Source data Block Start
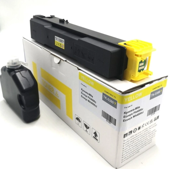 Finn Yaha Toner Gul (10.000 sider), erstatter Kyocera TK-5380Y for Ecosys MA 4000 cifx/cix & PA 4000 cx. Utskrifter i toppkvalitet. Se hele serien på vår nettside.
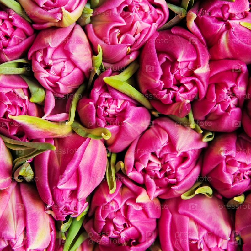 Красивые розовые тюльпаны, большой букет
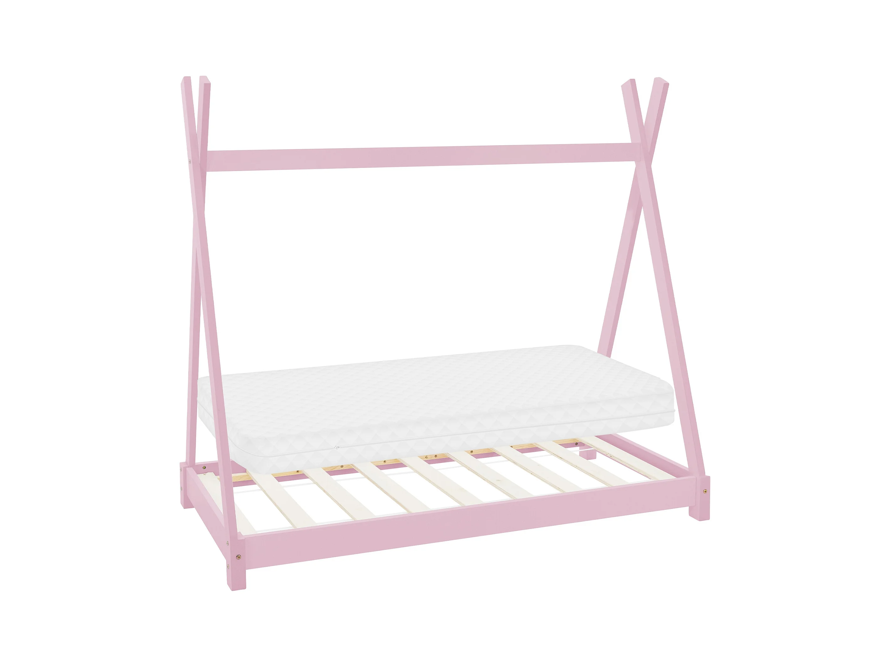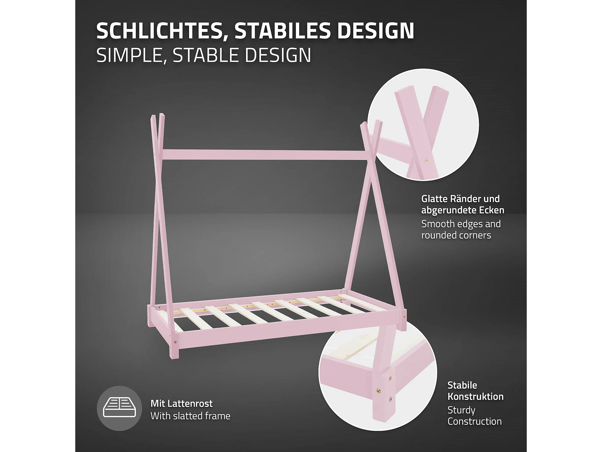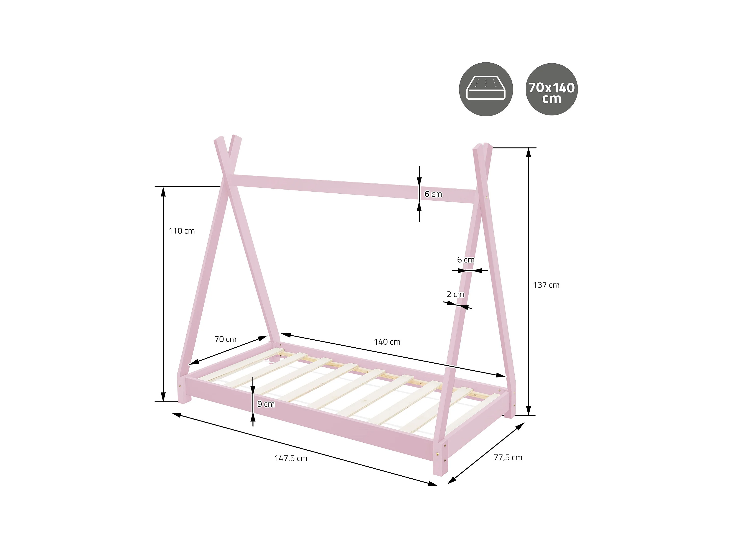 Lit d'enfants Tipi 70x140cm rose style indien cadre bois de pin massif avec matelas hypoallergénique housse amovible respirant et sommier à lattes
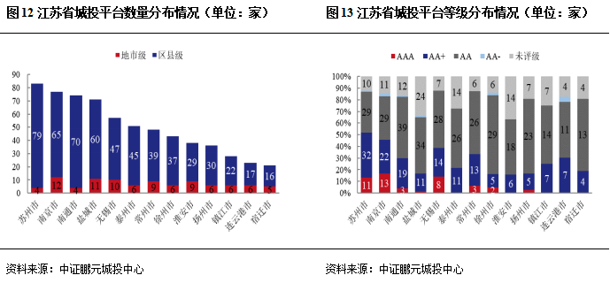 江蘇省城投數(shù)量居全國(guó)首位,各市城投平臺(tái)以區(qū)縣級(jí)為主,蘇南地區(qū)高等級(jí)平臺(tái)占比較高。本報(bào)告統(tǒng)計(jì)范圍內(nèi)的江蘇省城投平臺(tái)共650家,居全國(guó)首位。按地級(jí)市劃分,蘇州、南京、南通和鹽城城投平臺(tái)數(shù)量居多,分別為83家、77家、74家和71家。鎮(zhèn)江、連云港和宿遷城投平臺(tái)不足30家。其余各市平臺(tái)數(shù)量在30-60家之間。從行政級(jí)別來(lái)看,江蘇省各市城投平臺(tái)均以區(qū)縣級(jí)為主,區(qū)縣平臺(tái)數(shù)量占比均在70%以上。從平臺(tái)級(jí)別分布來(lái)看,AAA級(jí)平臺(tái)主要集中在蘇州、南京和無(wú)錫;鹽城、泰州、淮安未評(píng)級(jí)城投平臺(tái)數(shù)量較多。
Source data Block End
Source data Block Start
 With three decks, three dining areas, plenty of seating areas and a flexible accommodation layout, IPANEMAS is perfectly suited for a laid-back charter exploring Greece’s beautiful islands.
Source data Block End
** Task to complete **
Take only the lines above from the one that has "Finn Yaha Toner" through the one that has "Lit d'enfants Tipi" and reproduce them exactly, omitting any pictures.

** Result of the exercise **
 Finn Yaha Toner Gul (10.000 sider), erstatter Kyocera TK-5380Y for Ecosys MA 4000 cifx/cix & PA 4000 cx. Utskrifter i toppkvalitet. Se hele serien på vår nettside.
 Красивые розовые тюльпаны, большой букет
 Lit d'enfants Tipi 70x140cm rose style indien cadre bois de pin massif avec matelas hypoallergénique housse amovible respirant et sommier à lattes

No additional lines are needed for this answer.